November 29, 8:43 p.m.

In choosing your project topics, keep in mind that your report must bring in some material from the application domain, something not part of the general knowledge of CS majors.

For example, one student asked in class whether NumPy would be a suitable topic for the report. I said yes, as it is an application of one of our languages to math. But if you choose this topic, you must discuss some aspect of NumPy that involves math that most CS students wouldn't know about, so as the convolve() function.

November 29, 2:13 p.m.

Quiz 6 had been missing on our Web page, with Quiz 7 being displayed as Quiz 6. Fixed now.

November 28, 12:56 p.m.

See this README file (not README.html) for the ggplot2 intro I discused today, and the location of the data set.

November 25, 9:56 p.m.

I've finished grading the quiz that I administered a couple weeks ago, and will return them on Monday. If you'd like to know your grade before then, just let me know.

November 25, 9:02 p.m.

All this quarter's quizzes and solutions are now on our Web site.

November 24, 1:19 p.m.

I received several negative responses regarding the laptop idea for Wednesday's exam. Most indicated that a significant number of students don't have a laptop. One message said that having a laptop would make the exam more stressful (the opposite of what I had intended).

So, it is settled. Wednesday's exam will be in traditional format, on paper.
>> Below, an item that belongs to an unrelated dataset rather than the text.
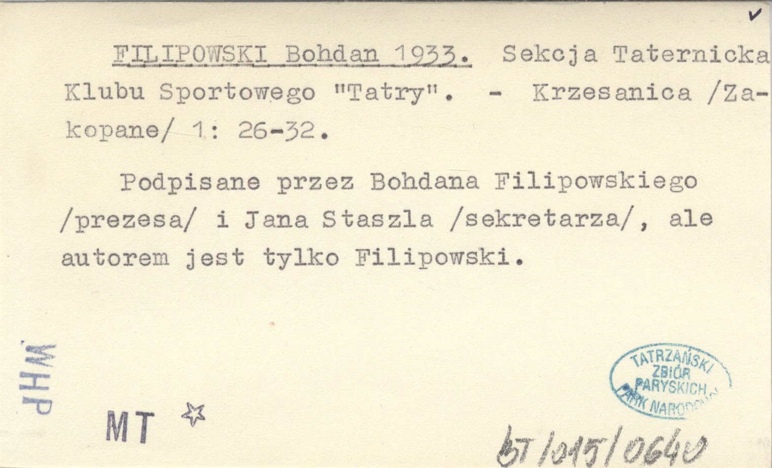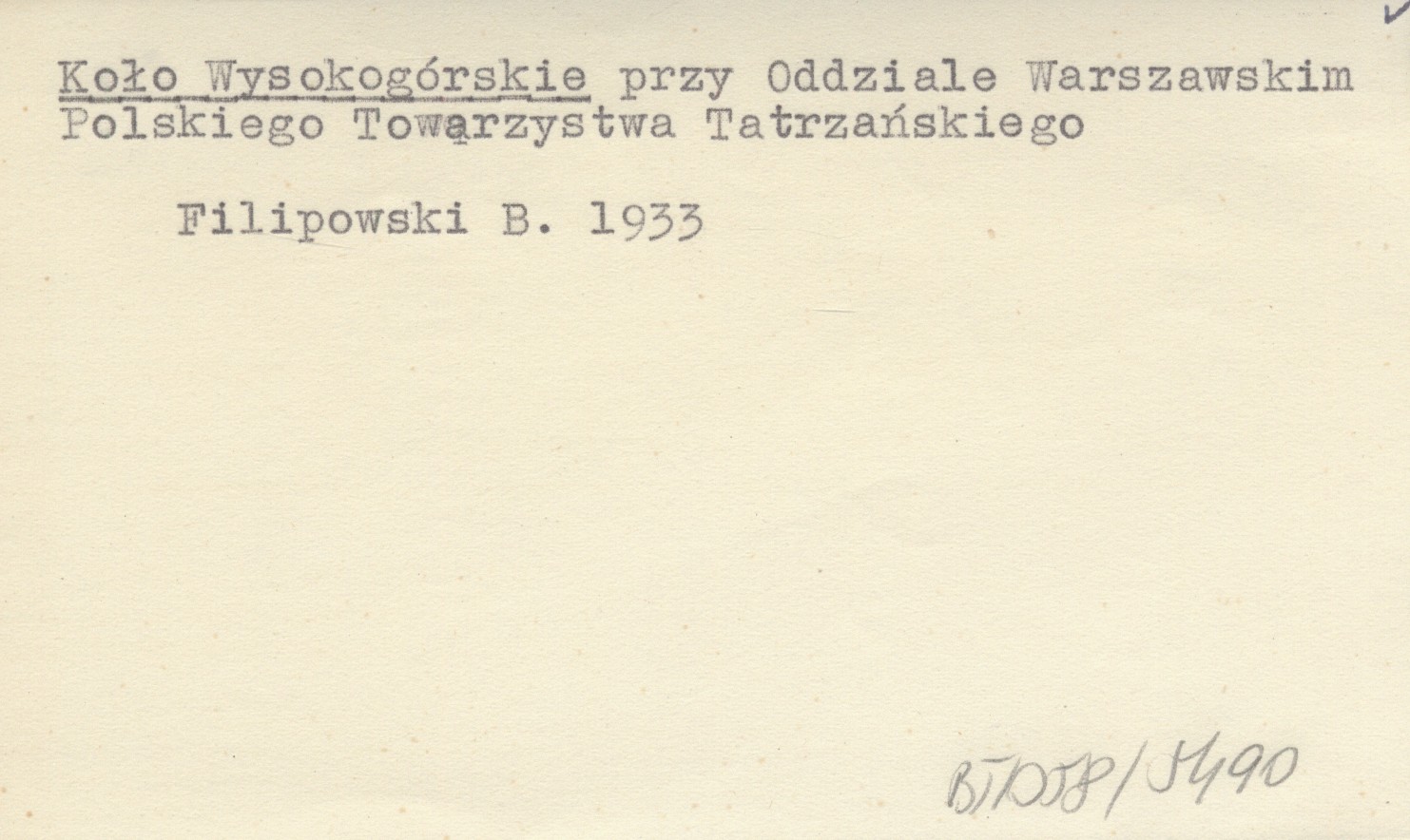 FILIPOWSKI Bohdan 1933 Sekcja Taternicka Klubu Sportowego "Tatry".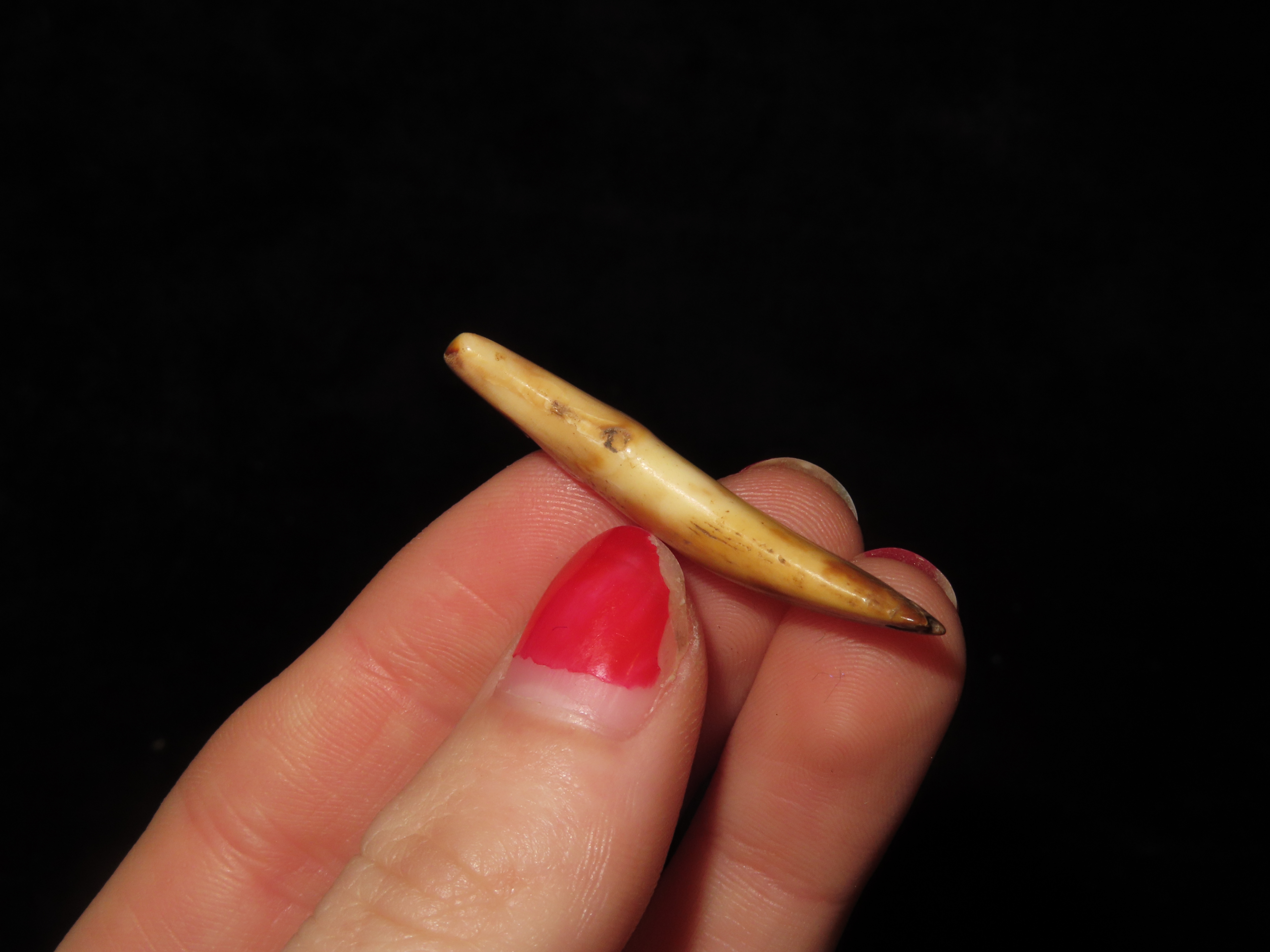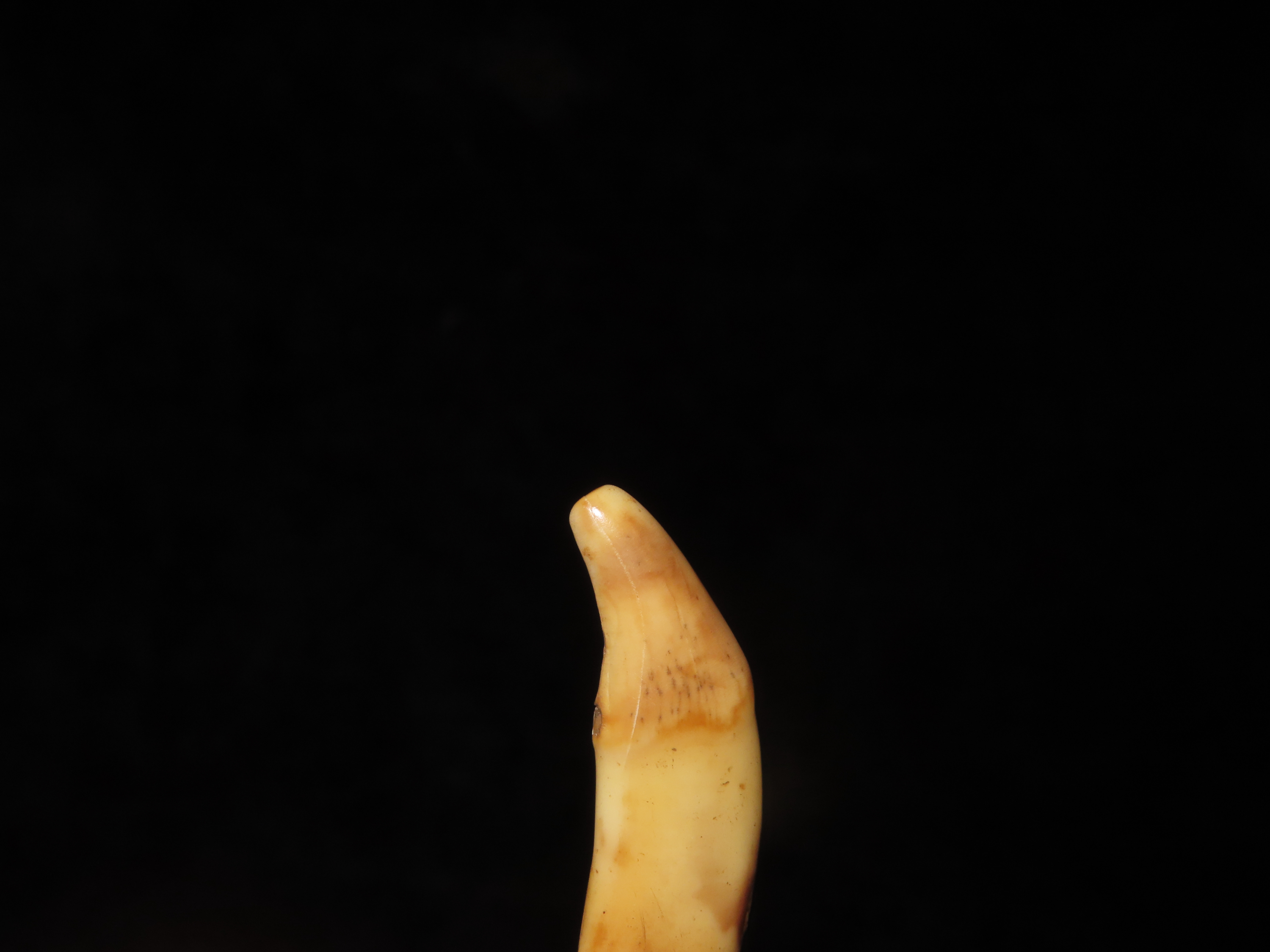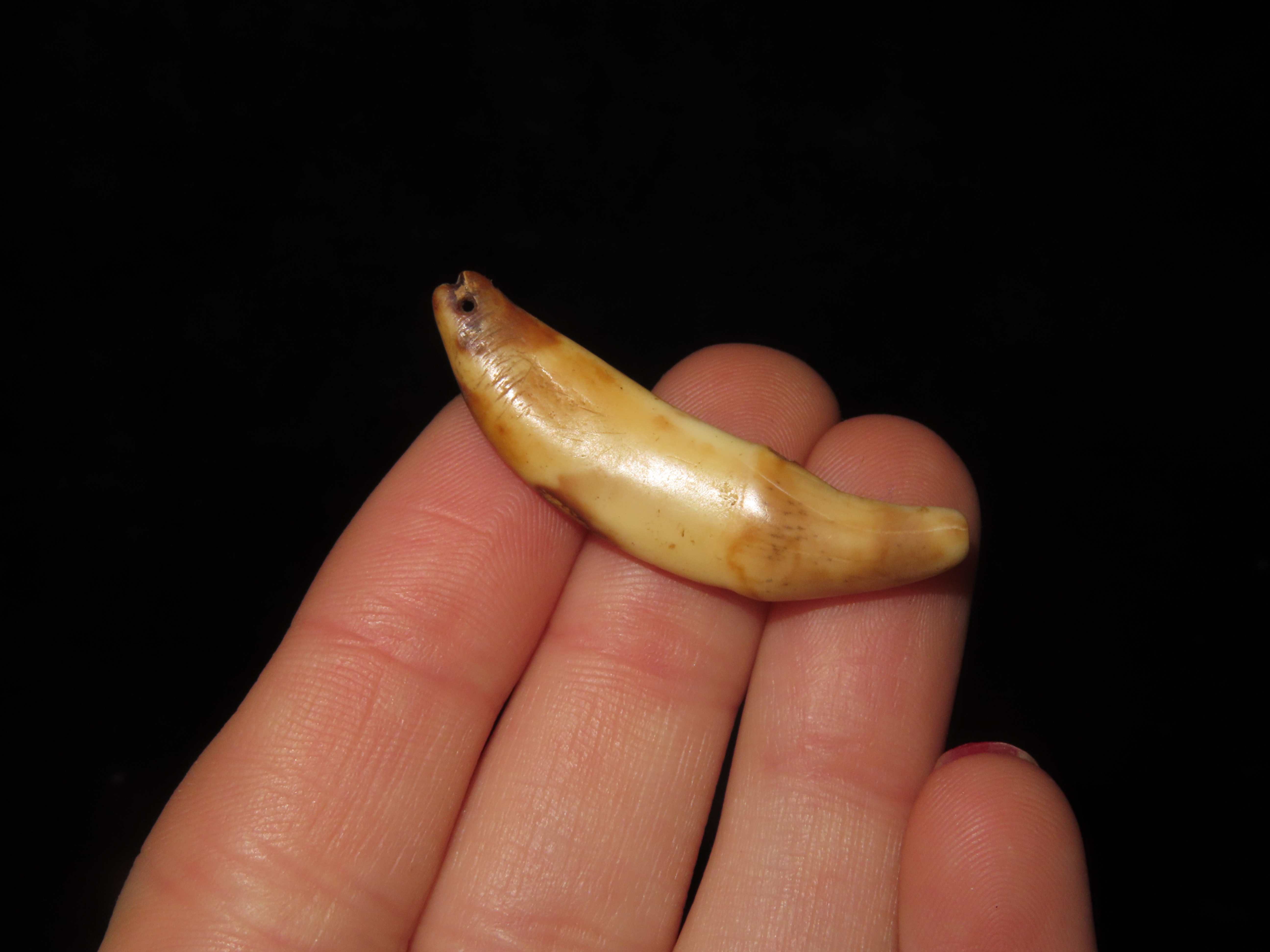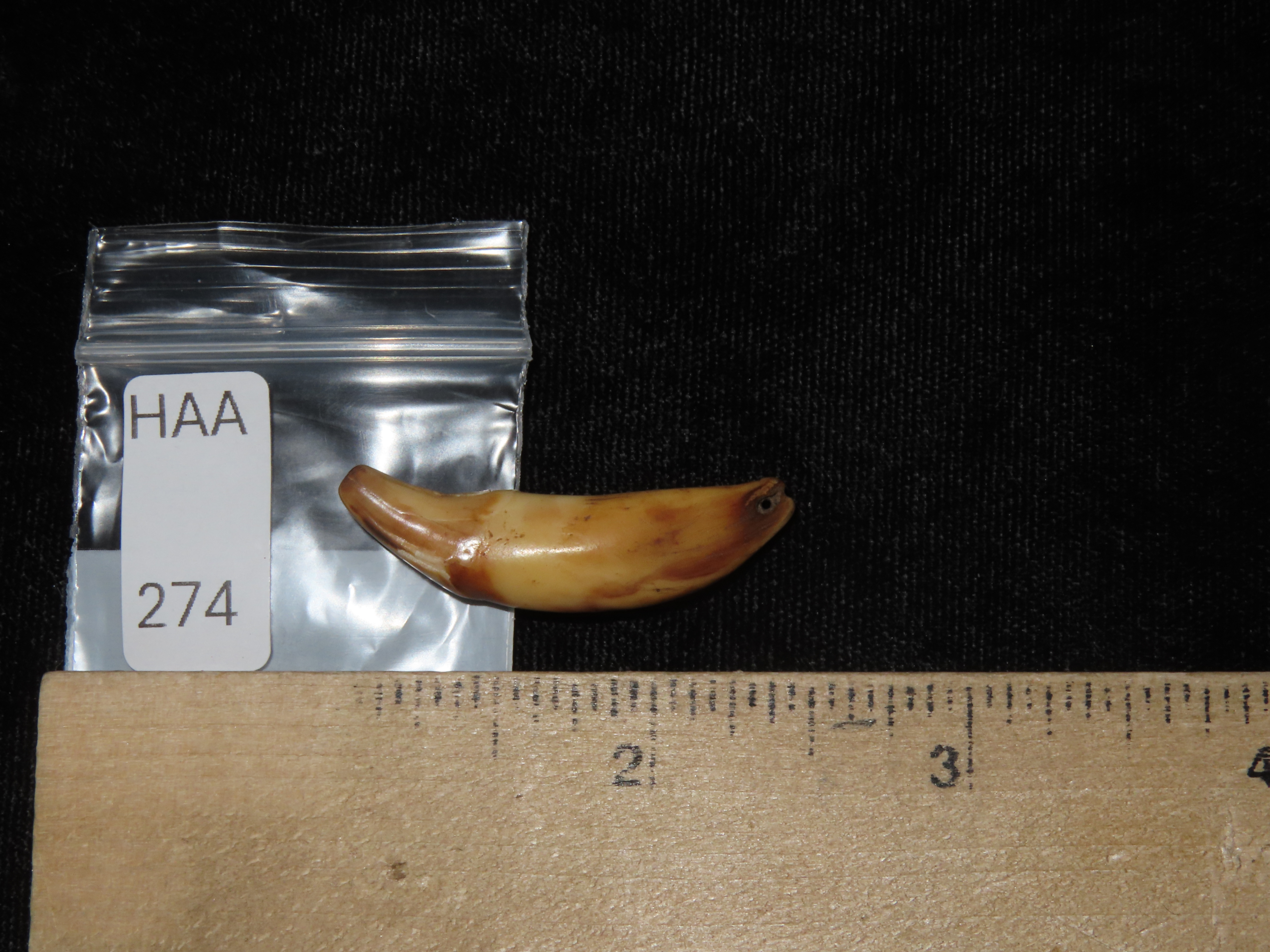Nice Anciently Drilled Wolf Canine Tooth Pendant, Alaska, 1 3/8″ long, Alaskan Eskimo Pendant / Gorget / Charm

However, please note that there is NO CHANGE for Friday's group quiz, which WILL use laptops. Since that has been the plan all quarter, and no one has objected, I have been presuming that every group has at least one laptop among the members. If that is not the case for a group, you need to let me know now (should have done so long ago, of course), in which case I will do a bit of group switching.

November 24, 10:13 a.m.

If you'd like to try executing the Chinese dialect code, I've placed a file fangyan.R in our Handouts/R2 directory. Load that code into R, and then run makecanmandfs() , no argument. It will create the data frames can8 and man8.

Note that the original data file already combines Cantonese and Mandarin, but I wrote code to separate them because in general usage they would be separate.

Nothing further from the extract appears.